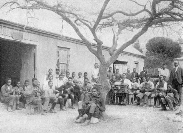 Ohlange Shoemaking class John Dube on the right Ohlange High School from First President: A Life of John Dube, Founding President of the ANC By Heather Hughes
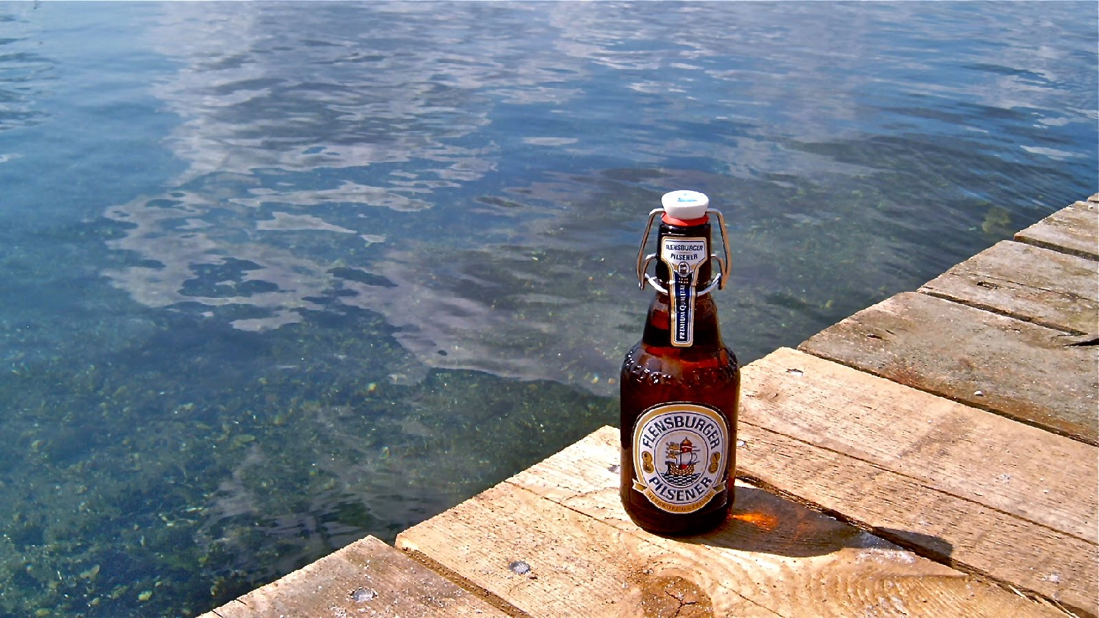 JENOPTIK DIGITAL CAMERA
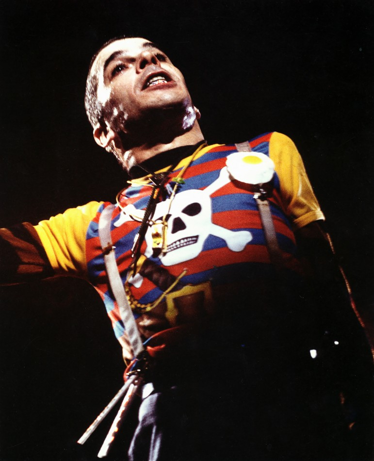 Ian Dury in concert 1978

### Action item
When you repeat the lines above, keep them exact and leave out each image they contain.

### Answer to the exercise
 Ohlange Shoemaking class John Dube on the right Ohlange High School from First President: A Life of John Dube, Founding President of the ANC By Heather Hughes
 JENOPTIK DIGITAL CAMERA
 Ian Dury in concert 1978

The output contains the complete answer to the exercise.